Li Keqiang, China’s former premier, who came to power promising to improve the lot of private companies and restrain the reach of the state, but was overshadowed by the hard-line top leader, Xi Jinping, died early Friday. He was 68.

Li, who was visiting Shanghai, died from a heart attack, China Central Television, the state broadcaster, announced. “All efforts to resuscitate him failed,” its report said.

Li, who had a doctorate in economics, exemplified a generation of highly educated Chinese leaders who rose up as Mao Zedong’s generation faded from politics. As premier, Li spoke of giving markets a greater role in the economy and he promised a fairer playing field for private companies.

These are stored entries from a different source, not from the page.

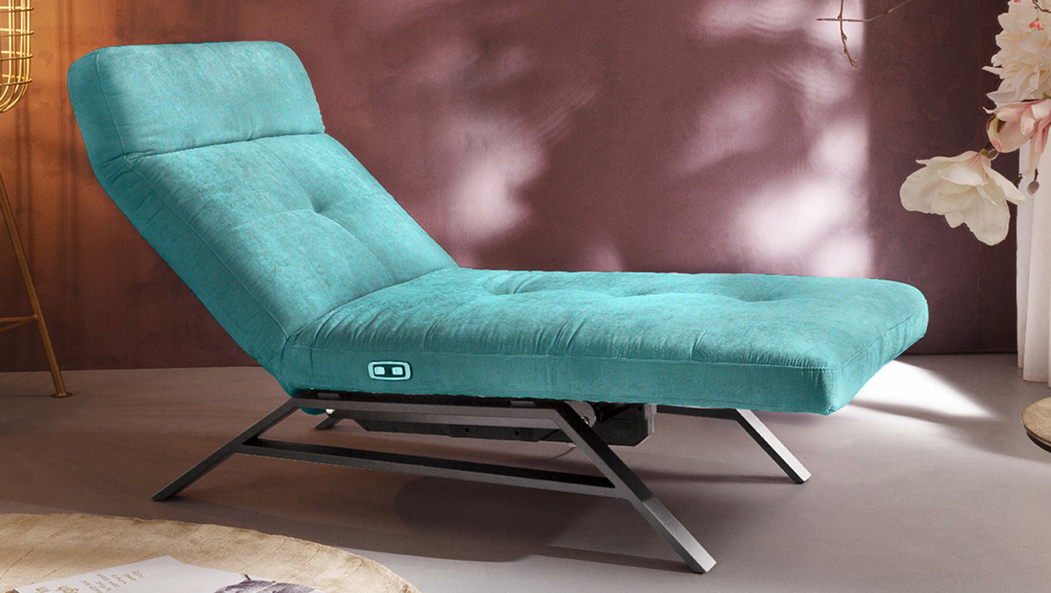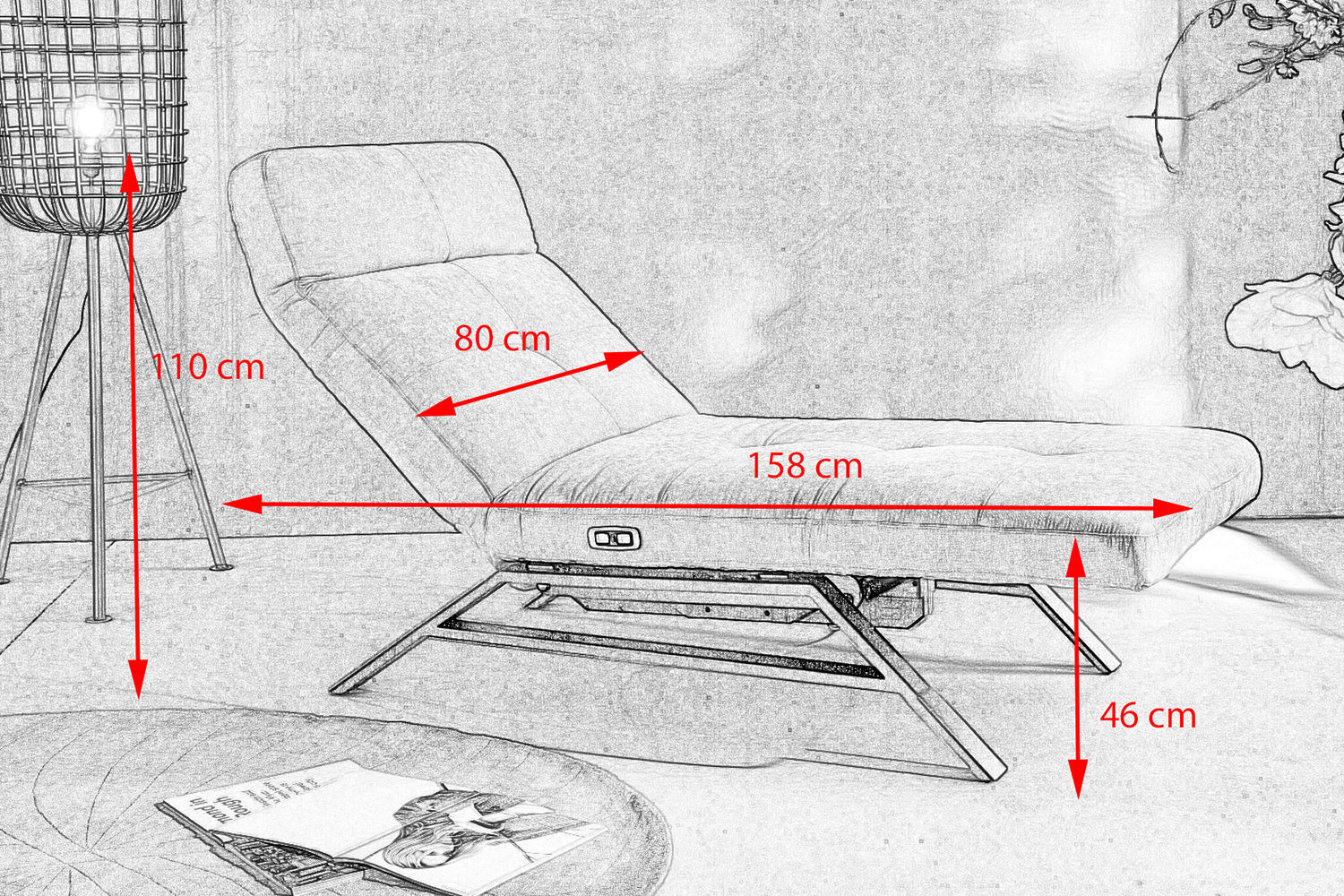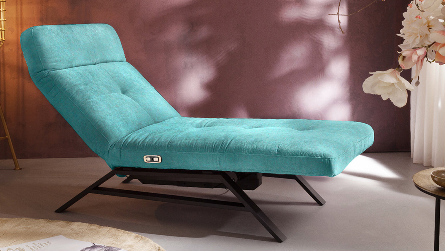 Die KAWOLA Liege AMERIVA ist eine wunderbare Kombination aus Design und Funktion. Die Metallkufen in schwarz matt bilden den Kontrast zum angesagten Velvet-Stoff. Allerdings ist die Relaxliege nicht nur rein optisch ein richtiges Highlight - auch die Funktionen betreffend bleibt hier kein Wunsch offen. Die motorische Funktion, die durch die Knöpfe auf der rechten Seite bedient werden kann, bietet eine stufenlos einstellbare Liegeposition. Zusätzlich verfügt die Liege über einen USB-Anschluss. Die Einsetzbarkeit dieses Möbelstücks ist so vielfältig wie seine Funktionen: Nicht nur im heimischen Wohnbereich, auch in der Lobby oder im Ruheraum macht die Relaxliege AMERIVA eine tolle Figur.
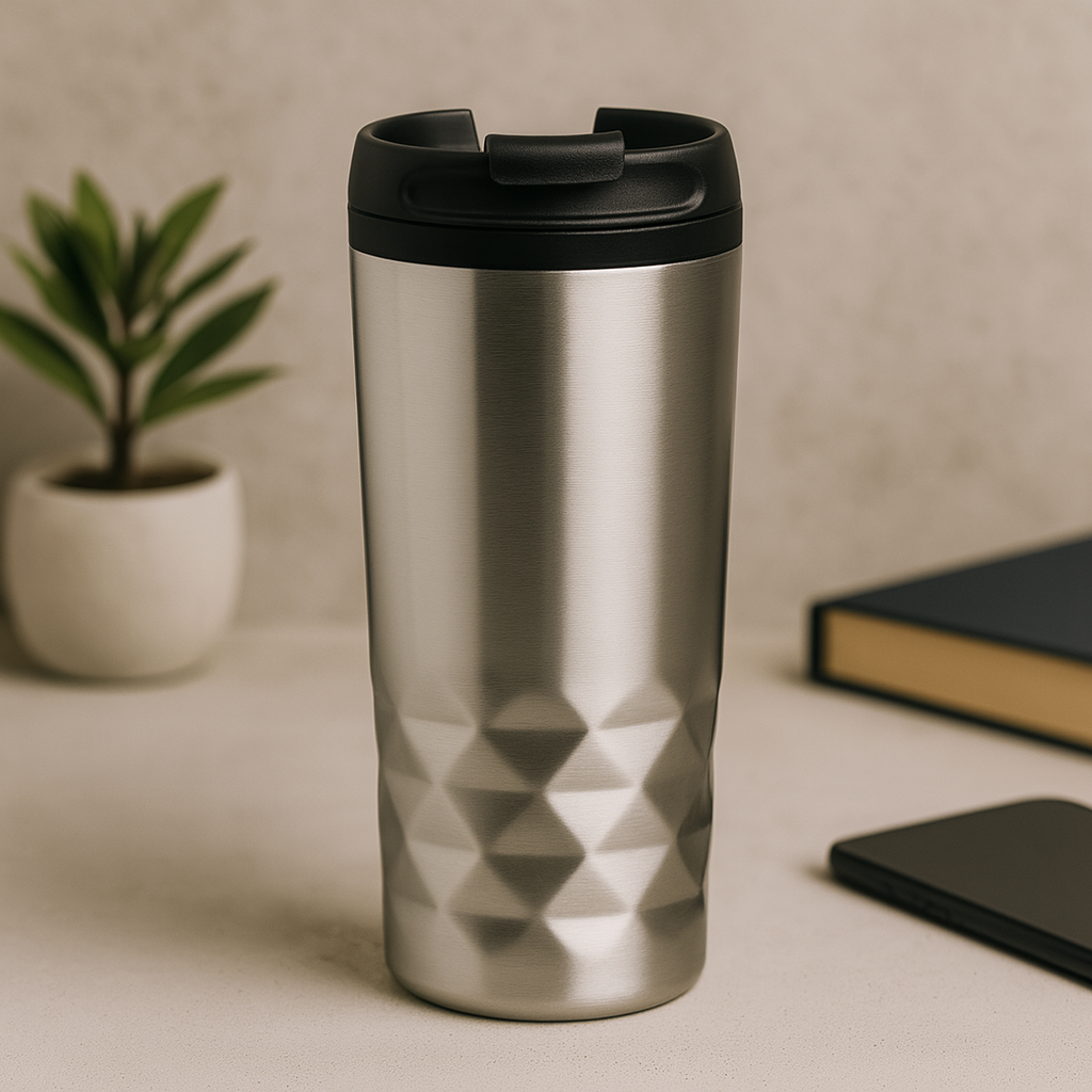 Double wall stainless steel travel cup with inner PP and lid. Capacity: 280 ml.
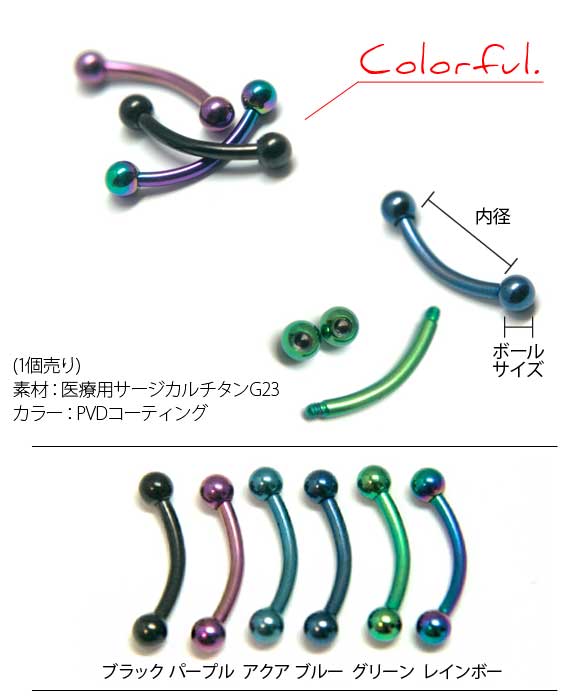 本日P2倍 最高グレード 純チタン16G ボディピアス カーブドバーベル バナナバーベル カラー G23 金属アレルギー対応 軟骨 眉 マディソン ヴァンパイアキス

But, his efforts had limited success as he and his allies lost much of their influence. Xi, China’s most dominant leader in decades, instead promoted a circle of loyalists, defended a central role for state-owned enterprises and pushed for tight supervision of the economy by the ruling Communist Party.

“Li Keqiang is not really a symbol of a bygone reform era, as some are making out,” Richard McGregor, a senior fellow for East Asia at the Lowy Institute in Sydney, wrote in an email hours after the death was announced. “He is really a symbol of the Xi Jinping era, in which putative reformers like Li were sidelined and stripped of agency.”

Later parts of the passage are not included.